What is the worse thing that can happen?
The answer is that you are given N things to store that all map to the same hash value - i.e. you try and store everything in the same location and every access involves a collision.
You can prove quite easily that for any hash function it is possible to find a dataset that provides this worst case. Of example if the number of things you could ask to store is greater than N*N then if you attempt to store N*N data elements in the array with only N storage locations it is obvious that each location will store N data elements i.e. there are going to be N collisions. Just pick the data mapped to the same location and you have your worst case dataset.
It is a simple consequence of mapping a big set to a small number of locations - there have to be collisions.
So can you protect your hashing scheme against this attack?
Yes you can by having a family of hashing functions H that you randomly select from before starting the algorithm. In this case any worst case set of data that some one has selected has only a probability of being worst case for the hash function selected.
If the family of hash functions is such that given x and y then the probability that h(x)=h(y) for a hash function drawn randomly from m possible hash functions is 1/m then the family is called a universal hash family.
Universal hash families are particularly useful for algorithms that need multiple hash functions or which need the data structure to be rebuilt if too many collisions occur (look out for Cuckoo hashing coming soon).
So we need an example of a universal hash family.
There are standard examples of universal hash functions created using the usual "multiplication mod a prime" - i.e. similar to congruential generators.
However, there is a little known method based on using a random matrix. It has lots of advantages - it's a universal family, it performs well, it's easy to understand and it's quick to compute.
The idea is very simple. Suppose you have an input data item that you have input data with m bits and you want a hash function that produces n bits then first generate a random nxm binary matrix M. The hash function simply consists of working out
where you consider x to be a binary vector.
For example, suppose you have a four bit input value and want to generate a three bit hash value.

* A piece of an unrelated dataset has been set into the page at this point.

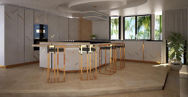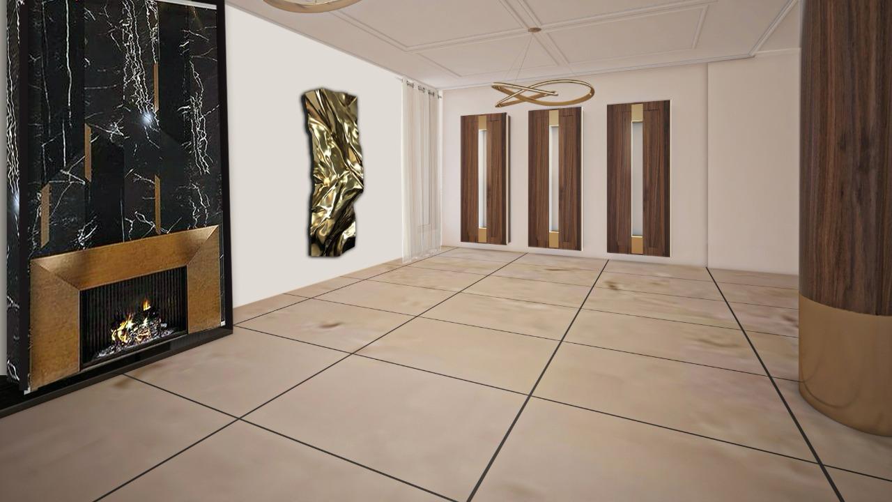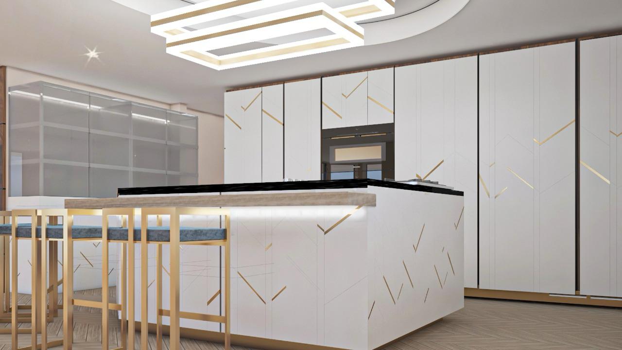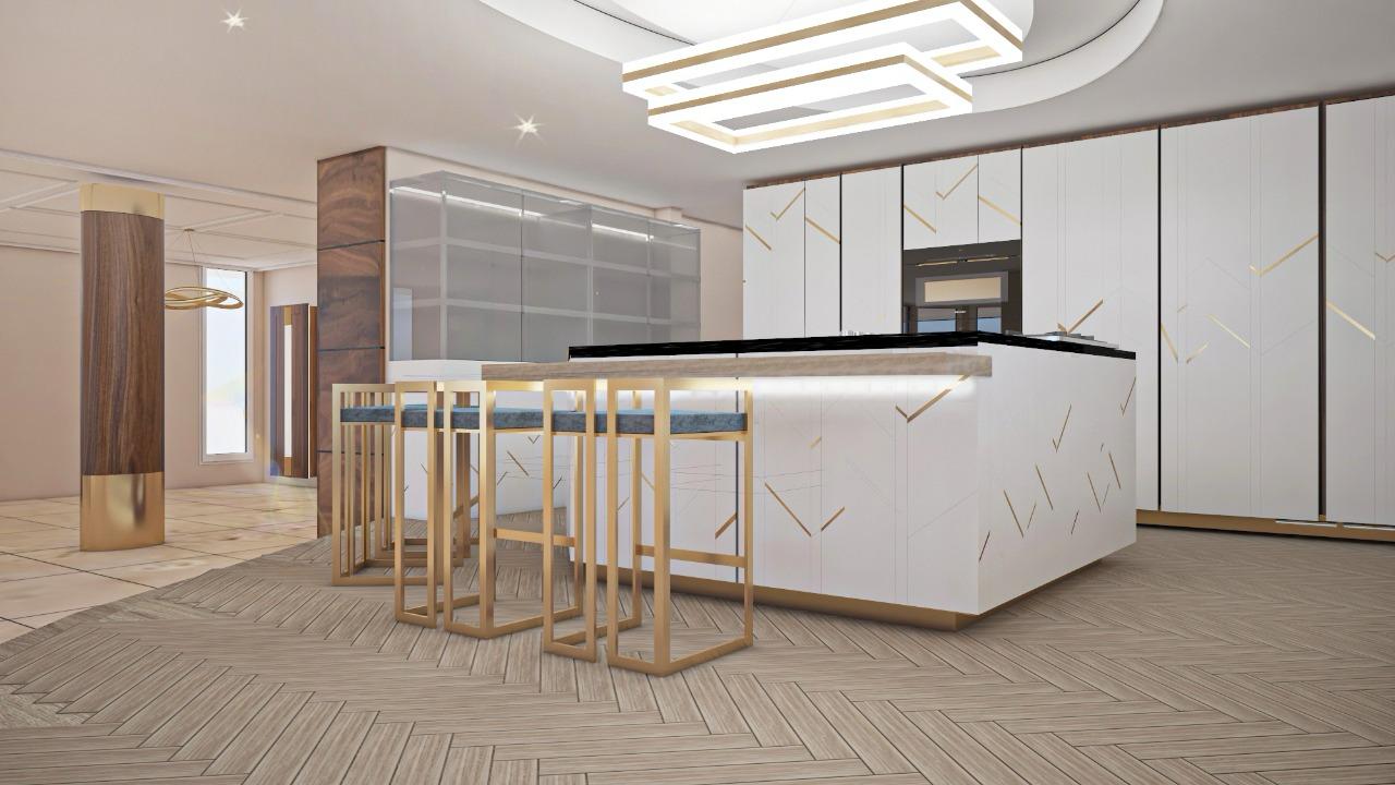 This bathroom masterfully combines minimalism with bold patterns through its standout chevron feature wall and clean architectural elements.
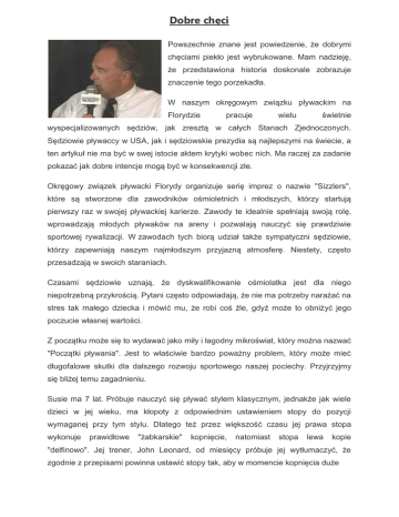 Dobre chęci Powszechnie znane jest powiedzenie, że dobrymi chęciami piekło jest wybrukowane. Mam nadzieję, że przedstawiona historia doskonale zobrazuje znaczenie tego porzekadła. W naszym okręgowym związku pływackim na Florydzie pracuje wielu świetnie wyspecjalizowanych sędziów, jak zresztą w całych Stanach Zjednoczonych. Sędziowie pływaccy w USA, jak i sędziowskie prezydia są najlepszymi na świecie, a ten artykuł nie ma być w swej istocie aktem krytyki wobec nich. Ma raczej za zadanie pokazać jak dobre intencje mogą być w konsekwencji złe. Okręgowy związek pływacki Florydy organizuje serię imprez o nazwie "Sizzlers", które są stworzone dla zawodników ośmioletnich i młodszych, którzy startują pierwszy raz w swojej pływackiej karierze. Zawody te idealnie spełniają swoją rolę, wprowadzają młodych pływaków na areny i pozwalają nauczyć się prawdziwie sportowej rywalizacji. W zawodach tych biorą udział także sympatyczni sędziowie, którzy zapewniają naszym najmłodszym przyjazną atmosferę. Niestety, często przesadzają w swoich staraniach. Czasami sędziowie uznają, że dyskwalifikowanie ośmiolatka jest dla niego niepotrzebną przykrością. Pytani często odpowiadają, że nie ma potrzeby narażać na stres tak małego dziecka i mówić mu, że robi coś źle, gdyż może to obniżyć jego poczucie własnej wartości. Z początku może się to wydawać jako miły i łagodny mikroświat, który można nazwać "Początki pływania". Jest to właściwie bardzo poważny problem, który może mieć długofalowe skutki dla dalszego rozwoju sportowego naszej pociechy. Przyjrzyjmy się bliżej temu zagadnieniu. Susie ma 7 lat. Próbuje nauczyć się pływać stylem klasycznym, jednakże jak wiele dzieci w jej wieku, ma kłopoty z odpowiednim ustawieniem stopy do pozycji wymaganej przy tym stylu. Dlatego też przez większość czasu jej prawa stopa wykonuje prawidłowe "żabkarskie" kopnięcie, natomiast stopa lewa kopie "delfinowo". Jej trener, John Leonard, od miesięcy próbuje jej wytłumaczyć, że zgodnie z przepisami powinna ustawić stopy tak, aby w momencie kopnięcia duże palce obu stóp ustawione były "na zewnątrz", jednak Susie nie widzi ani nie czuje różnicy. Nie widzi jej także Mama Suzie. Kilka miesięcy później mama Susie zapisuje ją na zawody z serii Sizzlers w stylu klasycznym. Jest to ulubiony styl Susie, a ponieważ jej mama nie widzi szczególnej różnicy między techniką zgodną z przepisami, a tą, która jest niedopuszczalna, nie przejmuje się zbytnio wcześniejszymi słowami trenera. Szkoleniowiec natomiast, dowiedziawszy się, że Susie wystartuje w stylu klasycznym, nie uznał za konieczne ingerowanie w decyzji mamy. Uznał, że kiedy sędzia zdyskwalifikuje młodą pływaczkę, obie dostaną nauczkę. W tym momencie bystry czytelnik może już przewidzieć do czego zmierza ta historia. Dokładnie tak - Susie trafiła na miłego sędziego, który nie zdyskwalifikował jej pomimo ewidentnych błędów technicznych. Po zawodach dziewczynka podeszła do trenera, żeby pochwalić się wygraną w mitingu niebieską wstążką i kuponem na 6 puszek coca-coli. Jeżeli w takim momencie trener powiedziałby: "wiesz, Susie, wszystko ładnie, pięknie, ale płynęłaś niezgodnie z przepisami, nie powinnaś jedną nogą robić ruchu delfinowego", dziewczynka mogłaby, słusznie zresztą, odpowiedzieć: "Oj, trenerze, nie zostałam zdyskwalifikowana, więc chyba jednak wszystko jest dobrze". A najgorsze w tym jest to, że odpowiedni moment na naukę został zaprzepaszczony, gdyż pływaczka dostała sygnał, że to, co robi, robi prawidłowo, nie ma się więc czego obawiać. I przez to może już nigdy nie nauczyć się pływać prawidłowo, gdyż pewnych podstawowych ruchów uczymy się w bardzo młodym wieku, a potem nauczone ruchy wchodzą w nawyk. A dziewczynce już weszło w nawyk delfinowe kopnięcie lewej stopy przy stylu klasycznym. Mylne przekonanie o prawidłowości tego ruchu będzie trwało do czasu, gdy Susie skończy 9 lat i wystartuje w "real USAS meet" - zawodach dla nieco starszych zawodników, gdzie w końcu zostanie zdyskwalifikowana za nieprzestrzeganie przepisów. Nasze dobre chęci często mają fatalny skutek dla zawodników. Oczywiście na początku może się to wydawać nieszkodliwe, jednak jest to działanie długofalowe, które może się odbić w późniejszych etapach kariery. Pobłażanie sędziów jest oparte na dwóch błędnych przesłankach. Pierwsza - dzieci nie muszą jeszcze uczyć się prawidłowego wykonywania pewnych czynności, a "prawie dobrze" oznacza dobrze. Każdy doświadczony trener powie Wam, że taki sposób myślenia jest wybitnie szkodliwy dla rozwoju młodego sportowca. Druga przesłanka zakłada, że dziecięca psychika jest tak wrażliwa, że dyskwalifikacja i trenerskie pouczenie może spowodować jakiś uraz w umyśle młodego pływaka. Jest to nonsens. Dzieci powinny usłyszeć szczerą prawdę na temat swojego występu. Trener i rodzice muszą mu wyjaśnić wszystko jak najprościej się da, aby zrozumiało co robi źle i jak może te błędy poprawić. Nasze dzieci są na tyle silne, że dadzą sobie radę z pewnymi rozczarowaniami, zwłaszcza takimi, dzięki którym pomagają im zrozumieć, że to one same muszą kontrolować swoje działania. Dyskwalifikuj, kiedy trzeba. Wykonuj dobrze pracę, która została Ci powierzona jako sędziemu. Ufamy Ci, wierzymy Ci, potrzebujemy Cię. Razem zbudujemy wielką silną drużynę. Tytuł oryginału: Good Intentions Autor: John Leonard Tłumaczenie: Michał Stachowiak

Then generating a random matrix gives say:
( 0 1 0 0 )
M= ( 1 0 1 1 )
( 1 1 0 1 )
and if the data value was 1011 the hash value would be computed as:
( 0 1 0 0 )(1) (0)
Mx= ( 1 0 1 1 )(0) = (1)
( 1 1 0 1 )(1) (0)
or in other word h(1011)=M(1011)=010.
If you find the math difficult to follow it might help to be reminded that in binary (or mod 2) arithmetic 1x1=1, 0x0=0 and 1x0=0, also 0+0=0, 0+1=1 and 1+1=0.
There are a number of other ways to look at the way the arithmetic is done that suggest different ways of implementing the algorithm.

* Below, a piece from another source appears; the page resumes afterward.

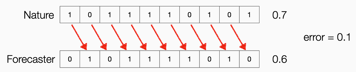 Juanky and I describe how, in most setups people use, this is indeed the case. You can make predictions by correcting past errors. Figuring out which prediction to make can be reduced to a simple binary search problem. And these simple searches that correct past errors achieve theoretically optimal bounds based on the information gathered during play. If you know how you will be scored and what your competitors will be using to make predictions, you don’t have to “know what nature is going to do” to be a superforecaster. You can get good prediction scores just by correcting your past errors.

The first is to notice that what you are doing is anding each row with the data column vector. That is taking the second row as an example:
( 1 0 1 1 )And (1 0 1 1) = (1 0 1 1)
and then you add up the bits in the result:
Adding up the bits in the result can also be interpreted as the parity function because the result is zero if there are an even number of ones and one if there are an odd number of ones. Notice also that this involves m Ands and m parity determinations.

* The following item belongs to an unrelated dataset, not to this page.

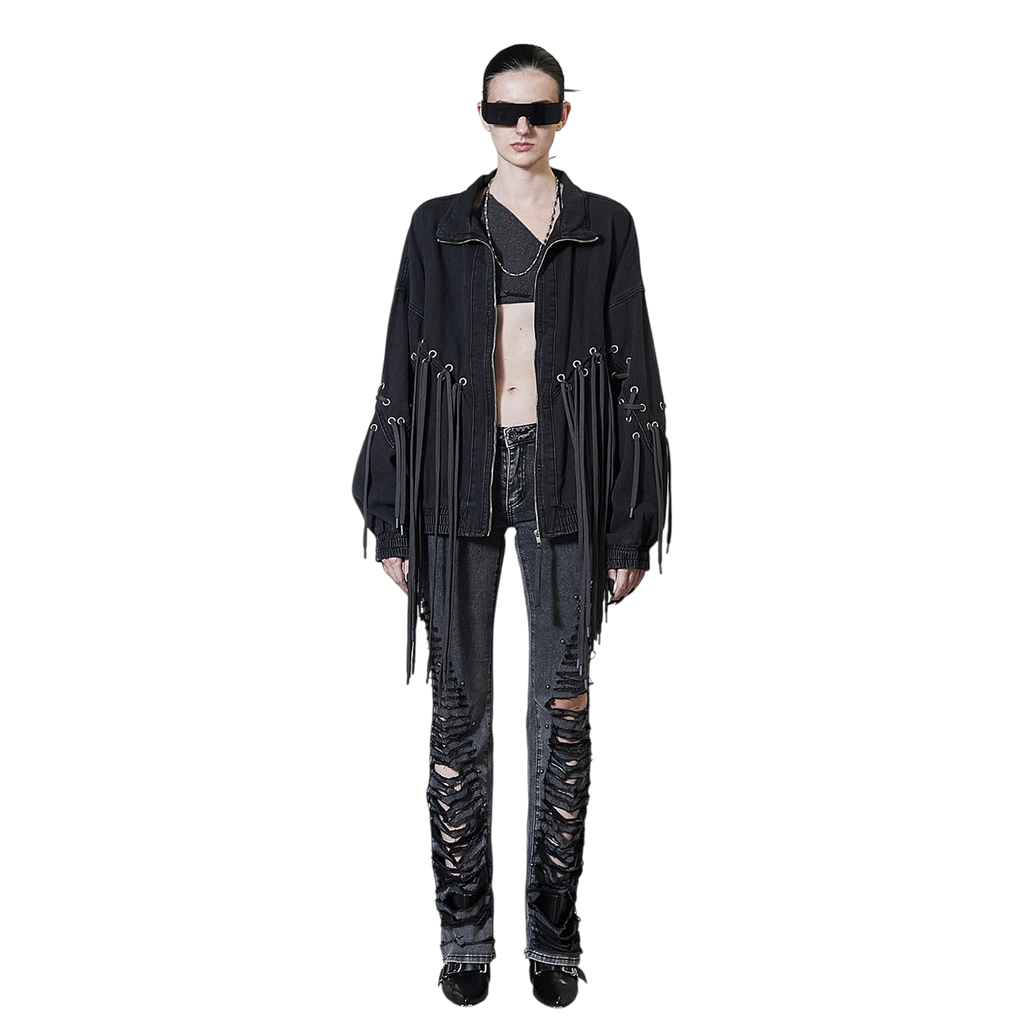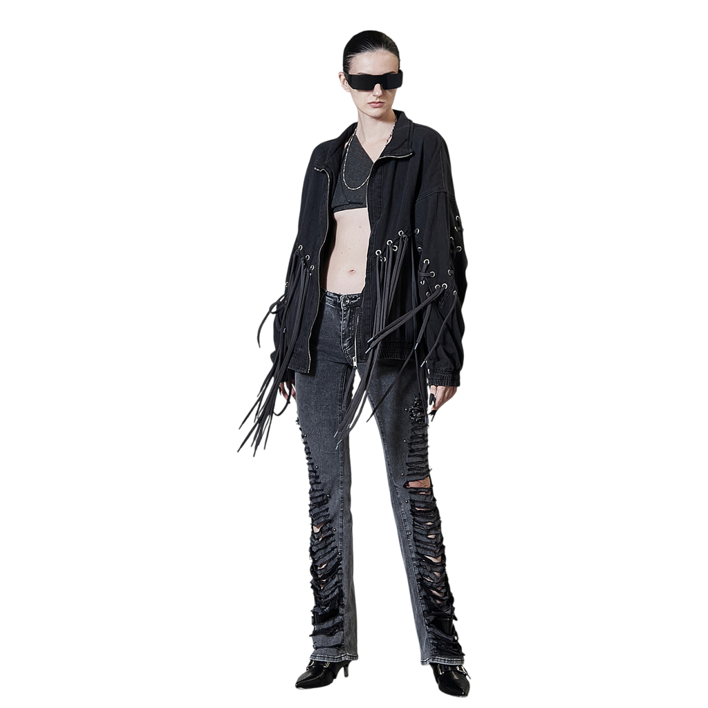 Oversized Corset Washed Tassel Jacket

The second way of looking at the arithmetic is to notice that the multiplication picks out the columns of M corresponding to where the data has a one and then does a bitwise addition or exclusive or. For example:
( 0 1 0 0 )(1) (0)
Mx= ( 1 0 1 1 )(0) = (1)
( 1 1 0 1 )(1) (0)
picks out the first, third and fourth columns of M and adds or exclusive ors them together:
( 0 + 0 + 0 ) (0)
( 1 + 1 + 1 ) = (1)
( 1 + 0 + 1 ) (0)
Notice that this might involve as many as m columns and probably m iterations to form the result. As m>n the first method is worth looking at more closely.
There may be other ways to interpret the arithmetic as logical operations but these two are the most useful. Which is best depends on the hardware available. For example, if the machine you are working with has a fast way to determine the parity of a word then the first method should work well.